Assumptions used in critiques

There are a number of assumptions made in the critiques, some of which are unstated. The most consequential ones are:

  1. The deuterium-tritium reaction will be used.
  2. The reaction will be thermonuclear (ie, no cold fusion, muon catalysis, highly non-Maxwellian distributions, etc)
  3. Reactors will be steady-state magnetic confinement devices.
  4. Specifically, the magnetic confinement device will be a tokamak.
  5. Magnetic field coils will be limited to about 5 Tesla field strength.
  6. The reactor first wall will be solid material.

Not all the critiques depend on all the assumptions. I’ll indicate which assumptions are involved in each critique item. Notably, 7 of the 9 critiques involve the radioactivity & tritium usage of fusion. This motivates considering ‘aneutronic’ fusion reactions. However, aneutronic reactions produce orders of magnitude lower power density (all else being equal) versus deuterium-tritium. Thus, most fusion efforts focus on deuterium-tritium despite the radioactivity & tritium concerns. My next post will discuss the fuel cycle trade-off as part of the power density discussion.

Anti-perfectionism advice

I used to subscribe to the Mark Twain philosophy:

It is better to keep your mouth closed and let people think you are a fool than to open it and remove all doubt.

Mark Twain

It was an excuse I used to justify my perfectionism. Here are some antidotes that have helped me overcome this tendency & put my thoughts out here.

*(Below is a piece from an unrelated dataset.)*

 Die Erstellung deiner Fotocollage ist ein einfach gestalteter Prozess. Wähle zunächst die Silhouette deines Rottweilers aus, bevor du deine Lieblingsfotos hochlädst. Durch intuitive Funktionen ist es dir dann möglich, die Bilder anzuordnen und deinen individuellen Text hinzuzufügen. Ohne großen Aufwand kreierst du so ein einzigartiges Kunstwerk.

A book is never finished. It is only abandoned.

Honoré De Balzac

Ideas get developed in the process of explaining them to the right kind of person. You need that resistance, just as a carver needs the resistance of the wood.

Paul Graham, “Ideas

See also: rubber duck debugging

Writing is nature’s way of letting you know how sloppy your thinking is.

Leslie Lamport

Constantly seek criticism. A well thought out critique of whatever you’re doing is as valuable as gold.

Elon Musk

The best way to get the right answer on the internet is not to ask a question; it’s to post the wrong answer.

Cunningham’s law

It is better to be interesting and wrong than boring and right.

Fred Hoyle

Don’t worry about people stealing your ideas. If your ideas are any good, you’ll have to ram them down people’s throats.

“Howard Aiken, quoted by Paul Graham in “Googles

Don’t worry about being perfect. Make it bad, then make it better.

Robert Glazer

If you want to be certain then you are apt to be obsolete.

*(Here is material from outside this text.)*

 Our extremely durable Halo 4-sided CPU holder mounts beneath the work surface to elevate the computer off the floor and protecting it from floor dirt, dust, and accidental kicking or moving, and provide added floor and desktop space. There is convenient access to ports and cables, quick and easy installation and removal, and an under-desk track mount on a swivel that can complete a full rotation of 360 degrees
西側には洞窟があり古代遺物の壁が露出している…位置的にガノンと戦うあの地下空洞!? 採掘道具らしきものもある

Richard Hamming, You and Your Research (1986) p187

We have a habit in writing articles published in scientific journals to make the work as
finished as possible, to cover up all the tracks, to not worry about the blind alleys or
describe how you had the wrong idea first, and so on. So there isn’t any place to publish,
in a dignified manner, what you actually did in order to get to do the work.